Romanian Environment Minister Barna Tanczos is of the same view, saying "we will have to restart the coal-fired power plants" as a temporary move.
France is in talks with the United Arab Emirates to reduce Russian oil purchases, which will stop after the imposition of the EU ban on Russian crude oil, according to a Reuters report.
"There are discussions with the United Arab Emirates.

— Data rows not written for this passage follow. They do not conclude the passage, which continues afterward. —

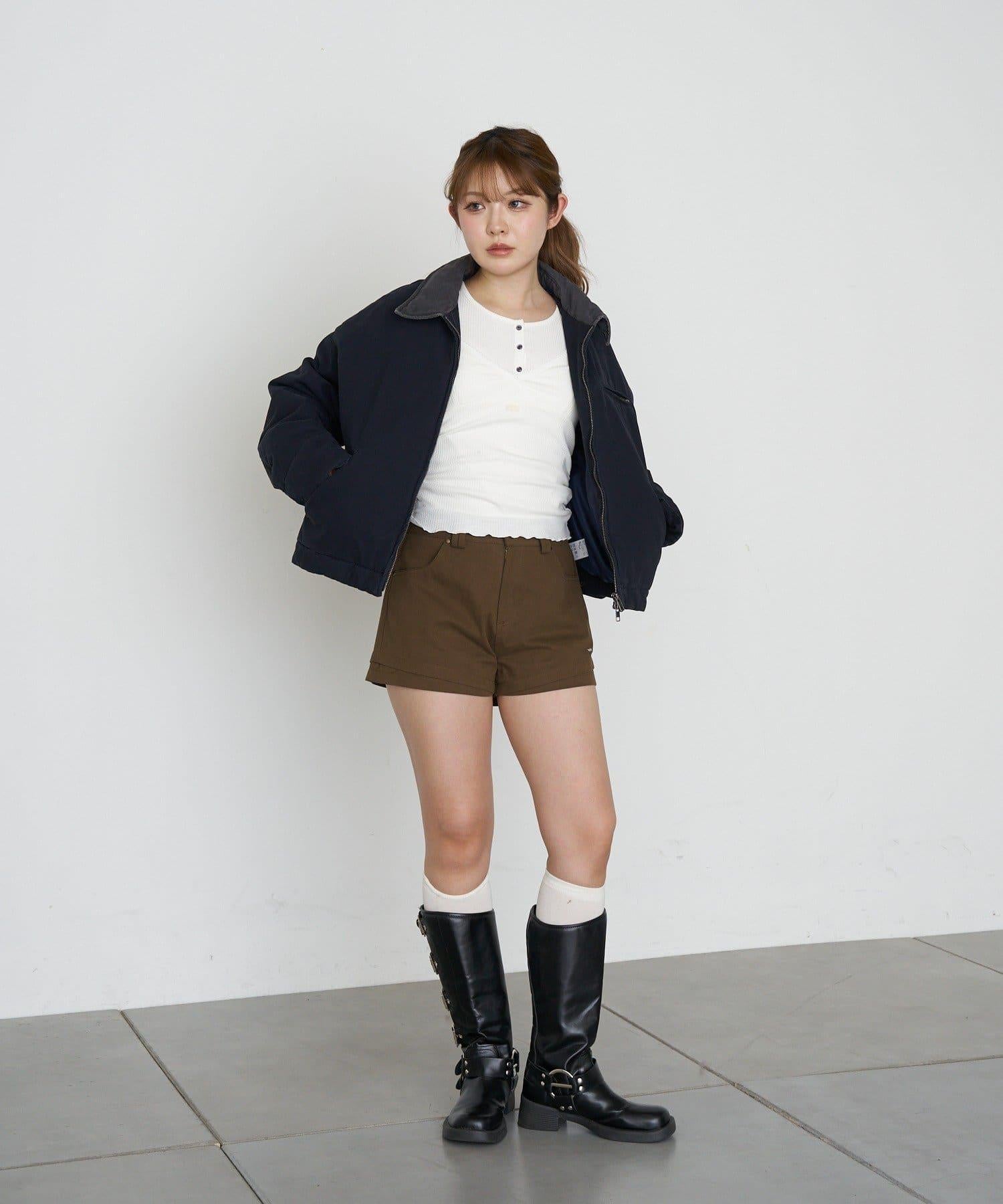 新款迷你短褲,下襬有層次感。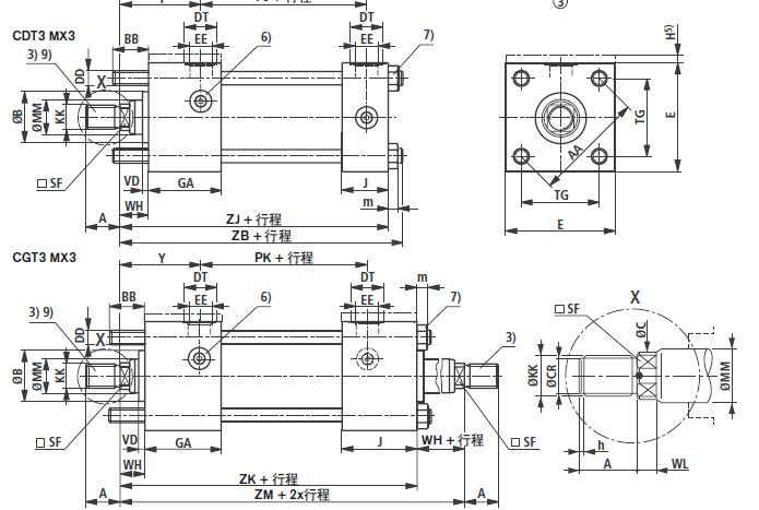 CDT3標準油缸 ,后前拉桿安裝方式-MX3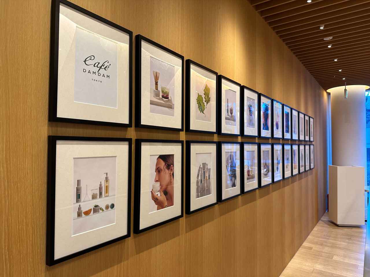 ピエール・エルメ・パリ 青山の階段を上ると展示されているのが、DAMDAM TOKYOのこれまでのビジュアル。ブランドのファンでもあるエディターは思わず写真をパシャリ。

We have to find an alternative to Russian oil," Finance Minister Bruno Le Maire told Europe 1 radio on Sunday.
Ingvild Sorhus, the lead European carbon analyst at Refinitiv, a financial markets data and infrastructure provider, said that while the EU is fundamentally reorienting its energy policy after the outbreak of the Russia-Ukraine conflict, a massive deployment of low carbon and energy-efficient technologies cannot be done overnight.
"Hopefully, the decarbonization efforts in (the) REPowerEU plan could pick up quickly enough to offset these adverse impacts on EU emissions," she told China Daily.
Erik Solheim, a Norwegian politician and former executive director of the United Nations Environment Programme, said: "In the short run the conflict may affect the green shift negatively as it encourages new developments of oil and gas and makes them more profitable."
But in the long run, he said, the conflict "will speed up the green shift".
European Commission President Ursula von der Leyen vowed that 95 percent of the 300 billion euros in the REPowerEU plan will be dedicated to clean energy, but critics have denounced the decision earmarking a huge amount for oil and gas infrastructure and LNG terminals.
In a letter to von der Leyen signed by 150 business leaders in May, the EU was called on to avoid investing in new fossil fuel infrastructure and instead accelerate the push toward electrification, renewables and energy efficiency.
"It is time for all of us to take the necessary steps to strengthen Europe's energy security and resilience by accelerating the green transition," the letter said.